Current Recommendation: HOLD
Update – 29 June 2020
ZEN last week began sending out its scheme documentation which is the next important step in the deal. The scheme meeting is due to be held (virtually) on 31 July, with payment due on 21 August assuming shareholders support the deal (which is a foregone conclusion in our view). As earlier disclosed, a special dividend of up to $0.13 will be paid as part of the $1.01 consideration which translates to another $0.05 in franking credits.

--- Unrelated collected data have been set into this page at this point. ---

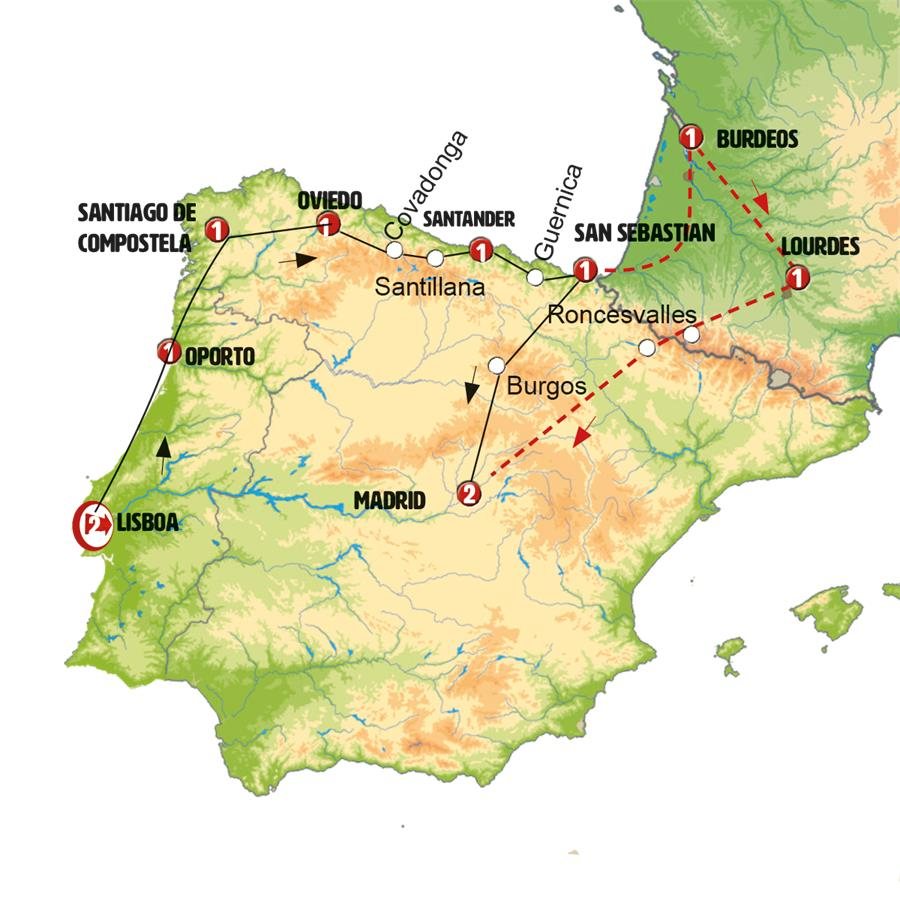 Viajamos hacia los Picos de Europa. Entre hermosos paisajes conocemos la Basílica de Covadonga. Continuamos ruta siguiendo el mar hacia SANTILLANA, uno de los pueblos más bonitos de España con su intacto casco medieval. En sus proximidades conocemos el Museo de LAS CUEVAS DE ALTAMIRA, (entrada incluida). Posteriormente viajamos a SANTANDER, la capital regional, ciudad marítima con impresionantes vistas entre montañas y playas. Incluimos una visita panorámica con guía local en la que podremos descubrir esta elegante ciudad costera y su hermosa bahía. Nota: Desde abril a mediados de octubre, por alta ocupación algunos grupos serán alojados en Bilbao.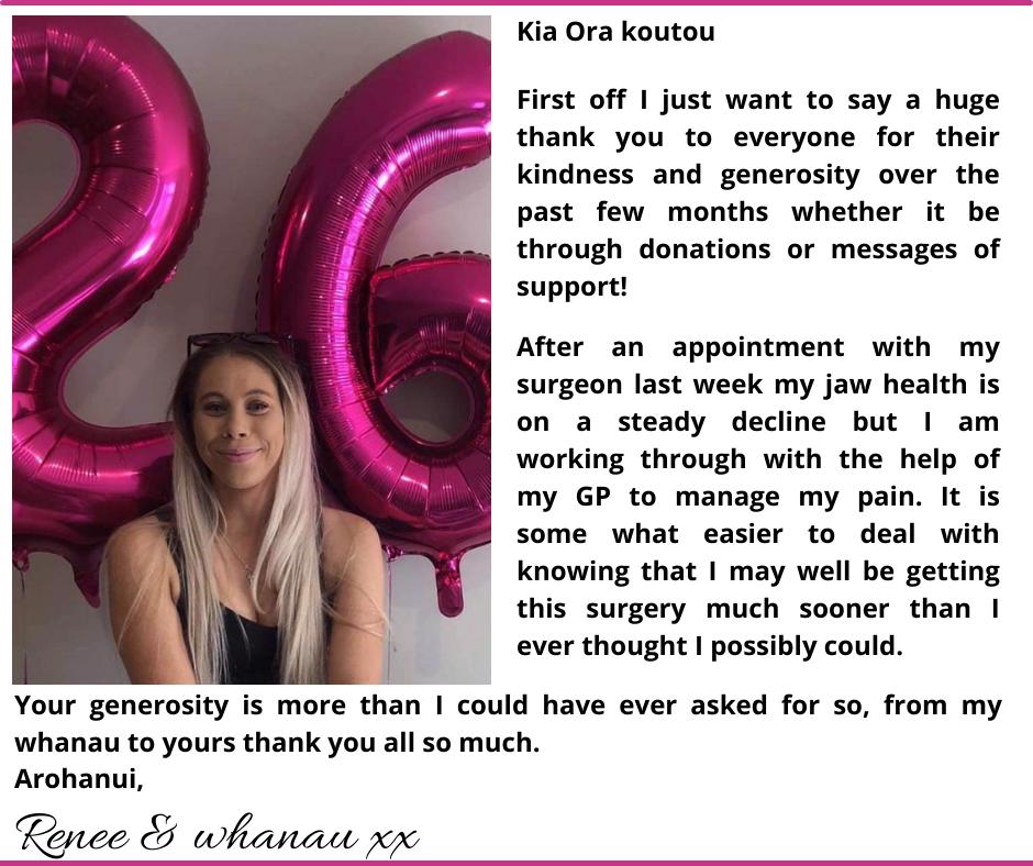 5 November 2021As of today we have $40,000 in Renee’s Surgery Account including both Givealittle and Renee’s surgery bank account. That has only been possible with your generosity, sharing Renee’s story and being part of her journey in some way. The cycle to Bluff took many turns along the inland route with snow, head winds, 1 puncture and some narrow roads with big trucks, but every pedal was worth it. Thank you from Renee’s family, our family and a huge hug and thanks from Renee. This isn’t the end of our fundraising journey it is just the beginning until we make surgery a reality for this 26 year old young woman. Renee’s parents and whanau, Christine and I really appreciate the support you have given Renee. Nuk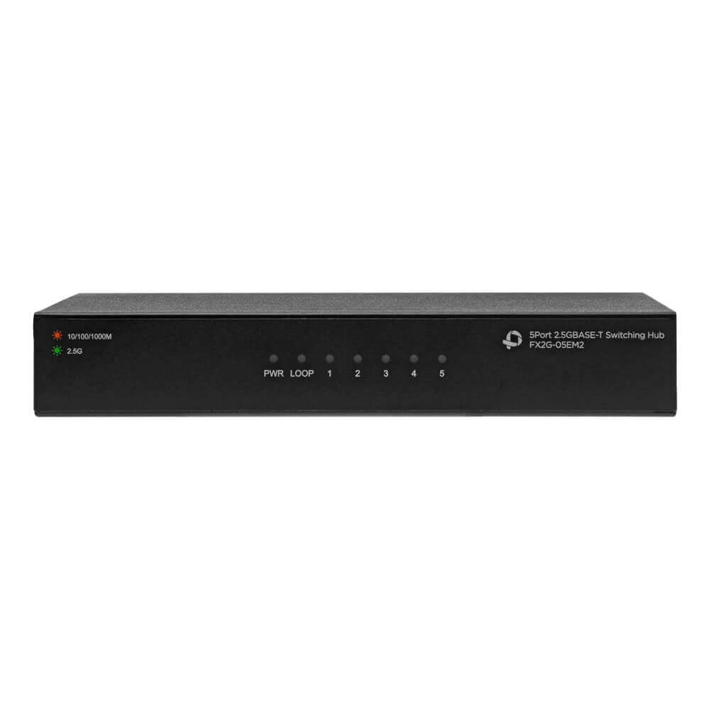 「FX2G-05EM2」は、マルチギガビットLANの発熱に対応する両面放熱方式を採用した5ポート 2.5GBASE-T スイッチングハブです。新チップを採用し従来機に比べ低消費電力、低発熱を実現しました。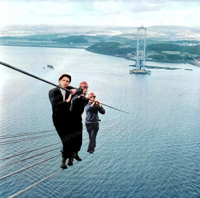 3. Рабочие на строительстве моста Форт-Роуд в Шотландии, 1961 год.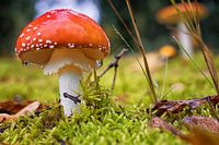 Bestelle das Foto Fliegenpilz im Regen von Linda Lu als Kunstdruck auf Leinwand, Alu-Dibond, als Poster, Fototapete oder Acrylglasbild.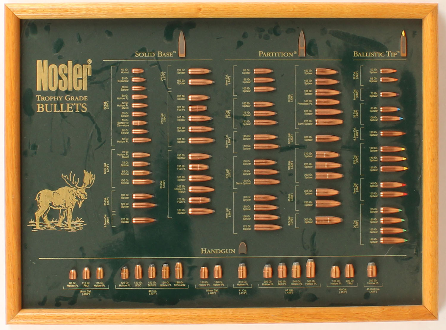 Nosler Trophy Grade Bullet Board, pictures bull moose, all bullets intact, 21'' wide. Grade: Excellent + - Value: 100 to 300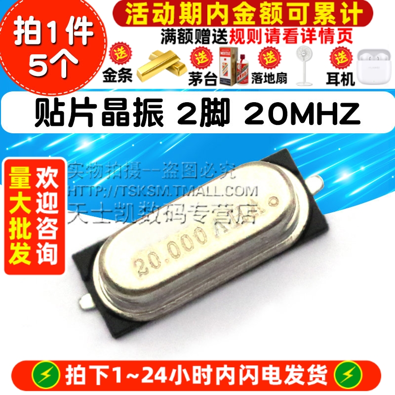 贴片晶振 20M 贴片2脚 20MHZ 49SMD 石英晶体 无源晶振 (5个)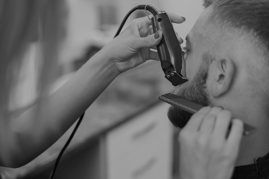 Woman shaving men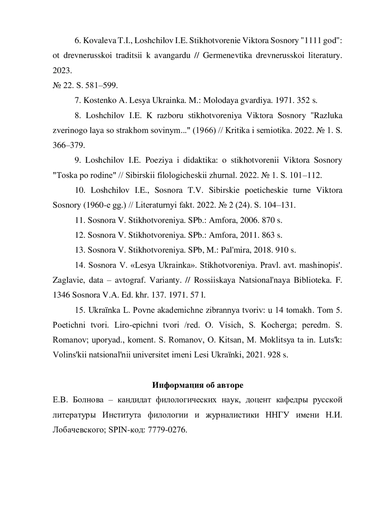 9. Лощилов И.Е. Поэзия и дидактика: о стихотворении Виктора Сосноры “Тоска по родине” // Сибирский филологический журнал. 2022. № 1. С. 101-112. EDN: XAERYR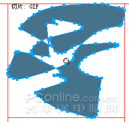 [小结]:对于单独的路径对象,无论该路径对象多么复杂,使用菜单“编辑|插入|多边形切片”命令均可以插入同路径对象相同的切片对象;但是对于合成路径对象,只要出现了不连续路径,都会统统以矩形切片的形式来出现。所以,这就需要我们在插入多边形切片之前,对路径对象要有了结,对于需要进行合成路径操作的这种情况,要尽量避免不连续路径的产生,以便于插入预期的多边形切片。最后再看一个示意图,加深一下印象。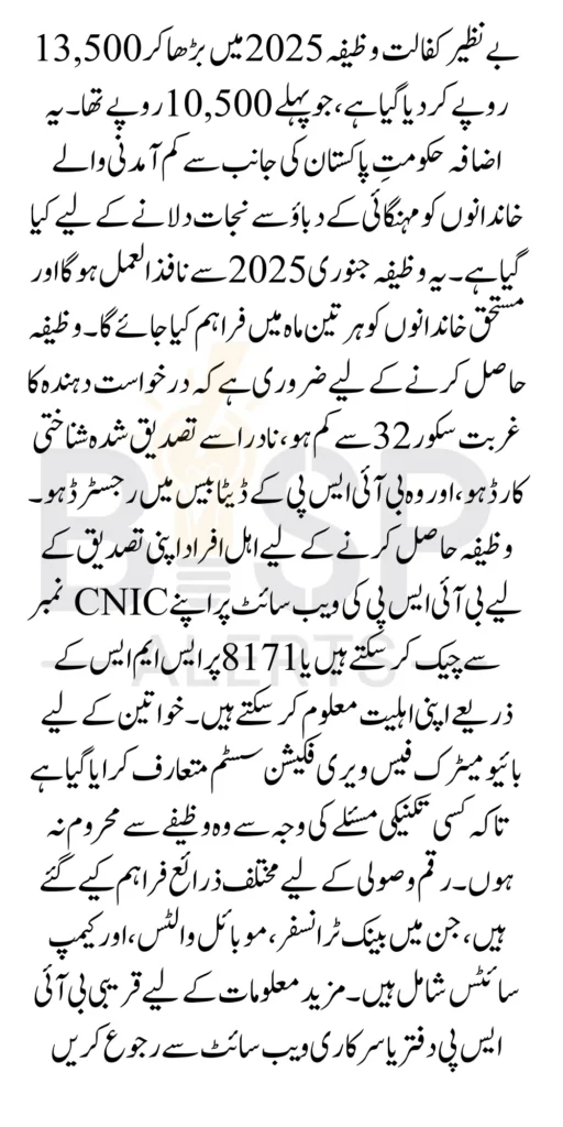 Benazir Kafalat Stipend Increase 13500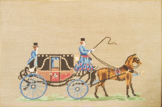 A pair of 19th Century embroideries of horse drawn carriages set to glazed rosewood frames. The left facing example with blue and black carriage and coachman with puce details the other similar with gent to rear of carriage. Measures: 37cm x 51cm.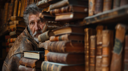Portrait of a student with a beard in a cozy public library with a book in his hands.Man with a beard stands in an atmospheric library and reads a book. Search for printed literature in the library.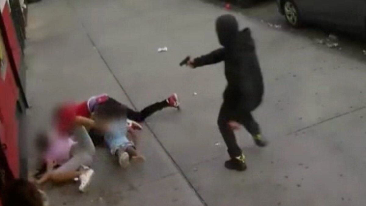 Bronx bölgesinde güvenlik kamerasına yansıyan olayda silahlı bir şahıs, kaldırımda kovaladığı 24 yaşındaki gence yakın mesafeden defalarca ateş etti. Bacaklarından ve sırtından vurulan genç, önünde bulunan 5 ve 10 yaşındaki iki kardeşin üzerine düştü. Saldırgan, çocuklara aldırış etmeden yerdeki gence kurşun yağdırmaya devam etti.

ZEN has also provided information on how to vote online at https://agmlive.link/ZEN20 but the link is not working so we will update members once the website is functioning. As the deal is being done by way of scheme of arrangement there is no downside to voting early so we will vote the moment we are able to. With the record date of the deal now within 45 days we are not advising anyone to buy the stock for the franking credits, but for any members interested in the 2-3% arbitrage on offer right now you are welcome to buy the stock at these levels. At this stage the deal is highly likely to complete without any hiccups, so the stock remains a good parking spot.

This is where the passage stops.